Medical innovation has shown itself to be instrumental in improving individual healthcare for millions of people in the U.S. From vaccines to new cancer treatments, medical breakthroughs are key to addressing health efficiently. Current FDA management of drugs and devices requires new innovations to pass basic safety testing, as well as testing to determine product efficacy. As it is currently structured, this process is time-consuming and creates a large amount of uncertainty for the market and companies seeking approval. This approach contributes to high prices and delays access to potentially life changing medical breakthroughs. The US needs a faster way of approving new medical innovations without compromising the safety of consumers. Our goal is to foster an interdisciplinary conversation that elicits research and development into alternative models to the current FDA efficacy testing framework.

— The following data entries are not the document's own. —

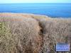 La randonnée débute à la Saline les Bains, au parking de Trou d'Eau en longeant la plage de sable corallien vers le sud. Les rochers en fin de plage se passent aisément et on trouve plus loin une discrète sente qui passe devant un restaurant en ruine avant de se transformer en un assez beau sentier très praticable (Photo 1). On retrouve ensuite la longue plage de la Saline les Bains Sud bordant un terrain militaire où l'on peut parfois voir, en semaine, les commandos barbouillés de peintures de camouflage s'entraîner au combat. Cette plage est essentiellement recouverte de coraux morts (Photo 2). Elle se termine à la Ravine de Trois Bassins qui se franchit sans encombre entre la mer et le petit étang créé par la retenue de sable au fond de la ravine. En cas de fortes eaux, grimper sur la route et revenir après le pont. La mer se jette sur des rochers entourés de coraux (Photo 3). La Pointe des Trois bassins est proche. Un petit bar permet de se désaltérer. Les surfeurs, parfois nombreux, attendant la vague ou glissent sur les vagues sans crainte des squales (Photo 4). Rester au plus près de l'eau et récupérer, à deux pas du parking des surfeurs et du bar, le superbe et large sentier bordé de pierres de lave (Photo 5). Il serpente entre savanes et côte en offrant de beaux panoramas en direction de Saint-Leu (Photo 6). Il fait chaud toute l'année et il ne faut pas compter sur l'ombre procurée par de maigres filaos (Photo 7). Le sentier passe parfois assez près de la plage pour la rejoindre sans effort (Photo 8). Puis on s'approche du petit village côtier de la Souris Chaude bordé de plages de sable jaune ou de bassins d'eau claire. On parvient à une ruine taguée marquant le début d'une nouvelle plage, facile à suivre si on prend la peine de marcher sur le platier dur, au plus près de l'eau (Photo 9). Attention à la marche pour descendre de la ruine. A la fin de cette nouvelle plage, le lagon disparaît et la mer devient rapidement très forte à mesure que le sol s'élève et se durcit. Ne pas manquer les deux premières arches naturelles et le gouffre assez dangereux 15 mètres plus bas où il vaut mieux ne pas chuter (Photo 10). Des rochers battus par les vagues avancent dans la mer. Ne rien tenter pour les atteindre (Photo 11). Pourtant, de belle sculpture minérales incitent à tenter la photographie (Photo 12). On retrouve plus haut la ruine d'un petit bâtiment qui a pu être un jour un four à chaux bien qu'il n'ait pas la forme classique des autres rencontrés sur l'île. On peut pénétrer dans la minuscule cavité d'où on a de belles vues sur le pont de la Petite Ravine au loin (Photo 14). On domine une petite plage de galets, le village de la Grande Ravine et la Route des Tamarins (Photo 13). La descente des rochers est trop dangereuse pour rejoindre cette plage. Utiliser plutôt l'ancienne route pour emprunter un court tronçon de la nationale et revenir au plus vite vers l'autre côté de la plage (Photo 15). On retrouve une courte zone de savane traversée par des sentiers étroits (Photo 16). On découvre à nouveau des bribes de route abandonnée pour une marche reposante mais très exposée au soleil (Photo 17). Rejoindre ainsi le pont de la Petite Ravine. On peut franchir le pont mais il est plus intéressant de traverser la route et suivre l'ancien tracé de la route qui effectue un assez long lacet avant de se terminer près d'une grotte rouge abandonnée, dédiée à une époque encore récente à Saint-Expédit. Remarquer au passage, en deuxième partie du lacet, le sentier qui descend dans le lit de la rivière et permet aux pêcheurs de gagner les falaises pour taquiner perroquets et carangues. Après avoir de nouveau rejoint et traversé la RN, la végétation entre la route et la mer devient bien trop épineuse et il faut se résigner à marcher 300 mètres sur le bitume ou la murette avant de trouver à droite un sentier qui redescend vers les falaises de la Pointe Meignan (Photo 19). Attention aux épineux qui font regretter très vite le short si on ne tente pas d'éviter certaines branches acérées. A la Pointe Meignan il est facile de distinguer l'arche naturelle du Rocher des Colimaçons qui avance sur la mer et qu'il n'est pas conseillé de rejoindre à pied ou à la nage (Photo 20). On peut poursuivre vers Saint-leu par le sentier en bord de rempart mais une descente technique au plus près des vagues permettra de partir sans grand danger à la recherche d'arches minérales de toutes tailles (Photo 21). Elles sont parfois petites et demandent un peu de recherche (vois § ci-dessous). Ne pas hésiter à suivre les balises blanches qui permettront, au retour, de ne pas manquer le passage qui ramène au haut de la falaise dont on devine les multiples couches de lave agglutinées au cours des siècles (Photo 22). La jonction de la Pointe Meignan à la RN est la seule difficulté car plusieurs petits sentiers partent dans tous les sens et on a vite fait de se retrouver dans un épineux cul de sac. On domine de beaux bassins d'eau claire difficilement accessibles excepté aux pêcheurs qui n'hésitent pas à y descendre en savates (Photo 23). Si les hésitations ou les échecs successifs sont trop nombreux, préférer un retour à la route par le sentier des épineux emprunté pour la descente. A la route nationale, prendre immédiatement l'ancienne route, encore bien marquée (Photo 24). Elle descend vers la mer pour de nouvelles vues sur Saint-leu. Tourner à droite au premier virage flanqué d'une rotonde, vestige d'une "rondavelle" à l'époque où ce tronçon était encore utilisé. On franchit une vaste zone couvertes d'acacias épineux qui occupent l'espace entre la RN et la mer (Photo 25). On retrouve plus loin de nouvelles concrétions rocheuses qui descendent graduellement vers la plage de Kelonia, bien connue des parapentistes. La fin du parcours est très proche puisqu'on aperçoit le port de Saint-Leu. A Cayenne, 
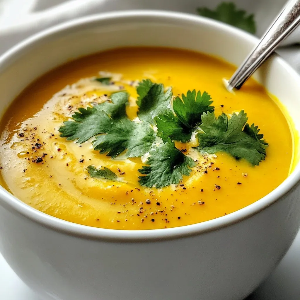 A vibrant and healthy soup made with carrots, ginger, and turmeric, perfect for warming up on a chilly day.
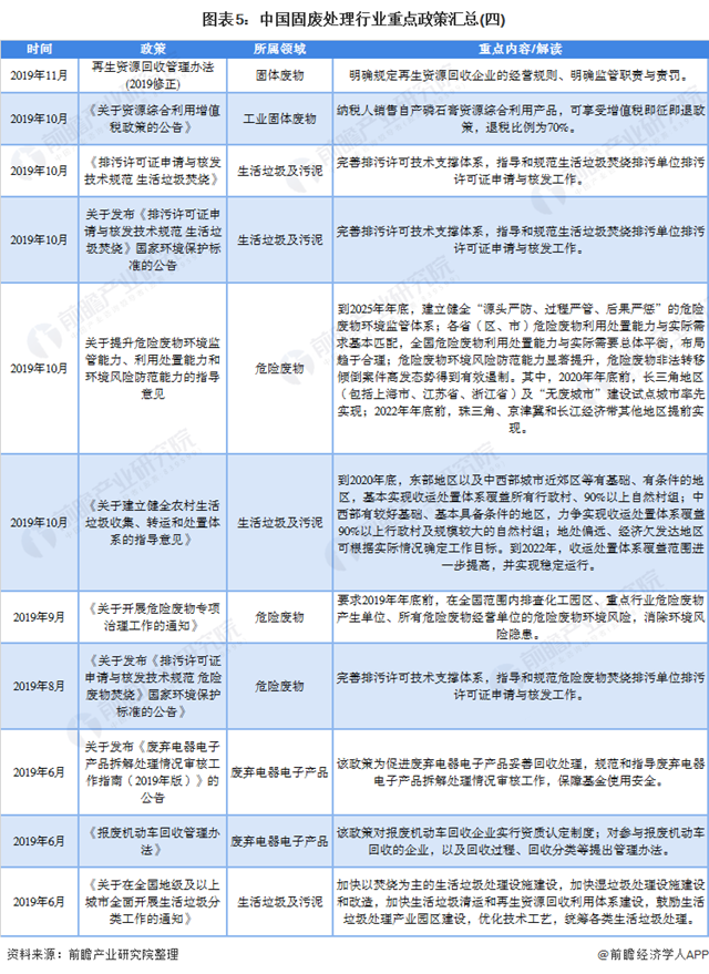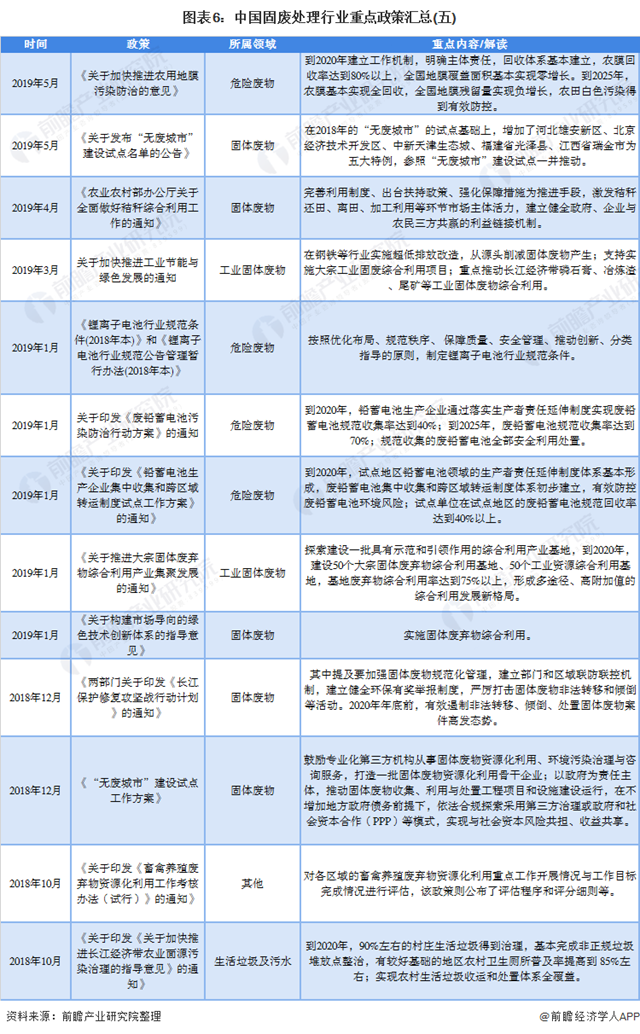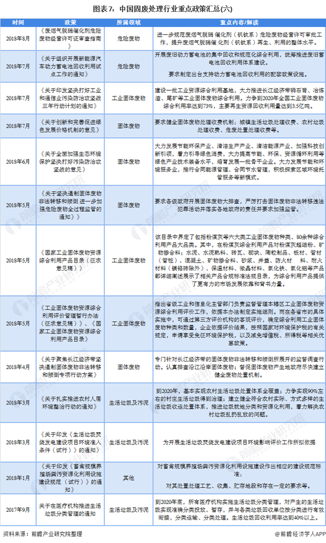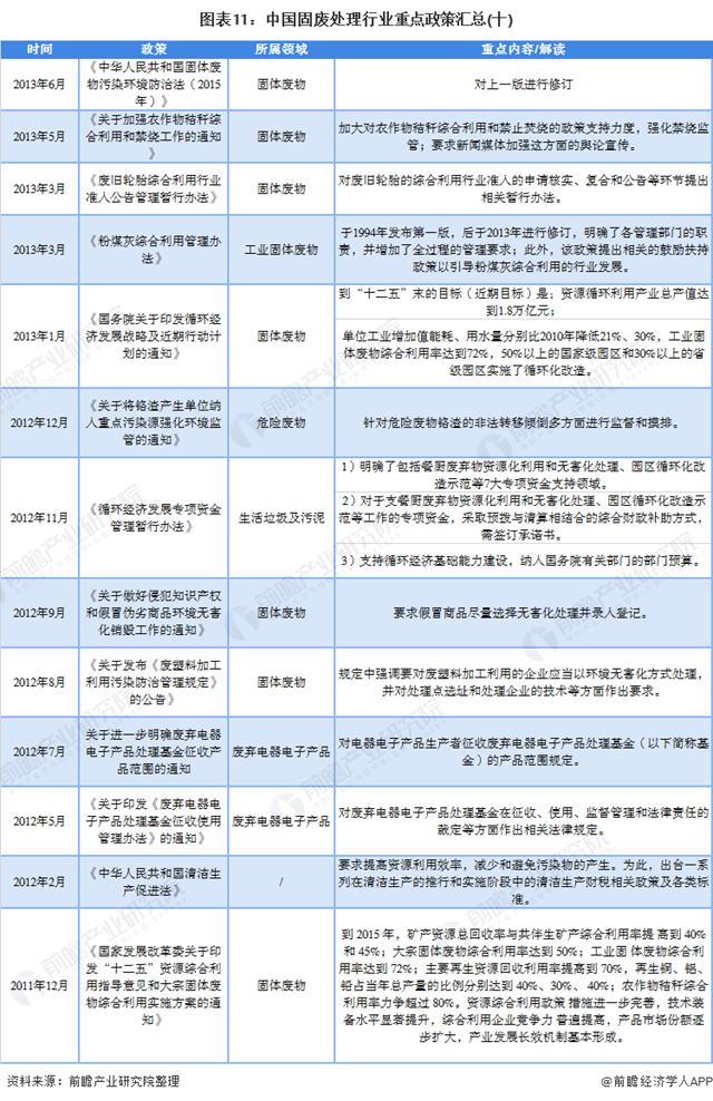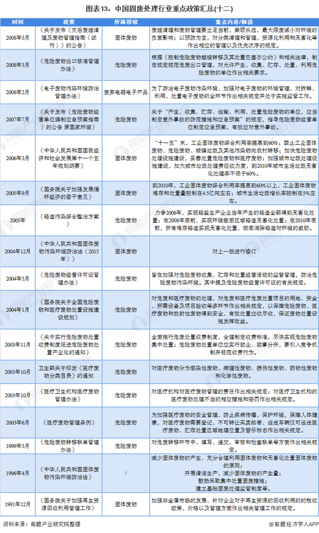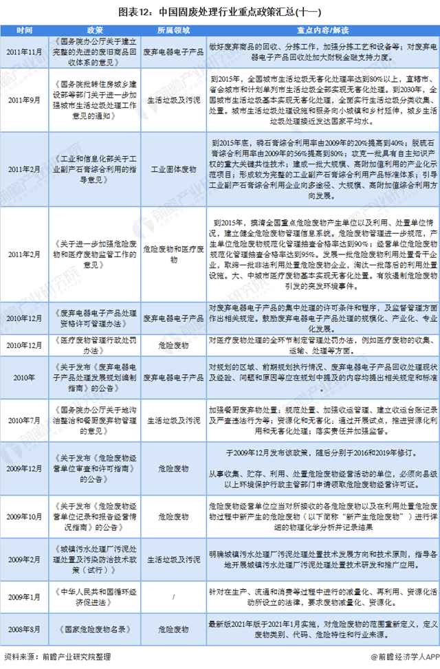我國固廢行業(yè)相關的重點政策針對方面主要可分為綜合固體廢物、危險廢物、工業(yè)固體廢物、廢棄電器電子產(chǎn)品、生活垃圾及污泥及其他,在該基礎上,針對不同方面出臺了數(shù)量相當?shù)恼咭砸?guī)定和支持固廢處理及其相關產(chǎn)業(yè)(例如,垃圾焚燒發(fā)電等)的產(chǎn)業(yè)化發(fā)展。

Key Questions and Themes to Explore Together:

  • How can testing of efficacy be considered on a more individualized basis?
  • What role can third-party or private testers play in streamlining efficacy testing?
  • How can medical devices be categorized to allow for more efficient testing?
  • Is there a model for efficacy and safety testing in other sectors that can be used in the medical innovation context?
  • How can post-market surveillance be used to streamline product availability while ensuring safety and considering health data privacy?